▸ Information supplied:
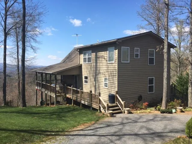 What's not to like about this 3 bedroom, 3 bath chalet perched on a GENTLE lot with TREMENDOUS long range mountain views! 1.64 acres and located at the end of the road, this custom beauty boasts many extras! Upstairs loft with private bedroom, Jacuzzi tub plus shower in master bath, gas log fireplace in great room and zoned 3 level heating and cooling. Large covered front porch to enjoy the nightly sunsets, two covered side porches and a lower covered patio makes for plenty of room for entertaining. The basement is plumbed for a wet bar and offers all tile floors except in the bedroom. There's also a free standing gas fireplace in the basement. Mature landscaping, circular drive, new 2 car detached garage, storage shed for lawn tools and equipment, buried gas tank and plenty of room for a garage. This one's calling your name at $310,000!
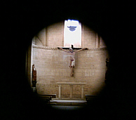 Die Kirche in Fromista war abgesperrt, denn ich war noch zu früh dran. Also hab ich durchs mittelalterliche Schlüsselloch fotografiert und richtig mittig den Balkensepp erwischt.
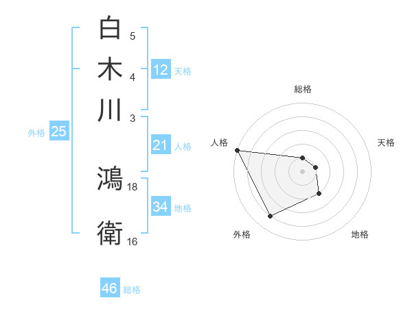 白木川 鴻衛さんを姓名の画数から五運を鑑定

▸ Exercise directions: The full listing must come back exactly as written, with its pictures left out.

▸ Solved problem:
 What's not to like about this 3 bedroom, 3 bath chalet perched on a GENTLE lot with TREMENDOUS long range mountain views! 1.64 acres and located at the end of the road, this custom beauty boasts many extras! Upstairs loft with private bedroom, Jacuzzi tub plus shower in master bath, gas log fireplace in great room and zoned 3 level heating and cooling. Large covered front porch to enjoy the nightly sunsets, two covered side porches and a lower covered patio makes for plenty of room for entertaining. The basement is plumbed for a wet bar and offers all tile floors except in the bedroom. There's also a free standing gas fireplace in the basement. Mature landscaping, circular drive, new 2 car detached garage, storage shed for lawn tools and equipment, buried gas tank and plenty of room for a garage. This one's calling your name at $310,000!
 Die Kirche in Fromista war abgesperrt, denn ich war noch zu früh dran. Also hab ich durchs mittelalterliche Schlüsselloch fotografiert und richtig mittig den Balkensepp erwischt.
 白木川 鴻衛さんを姓名の画数から五運を鑑定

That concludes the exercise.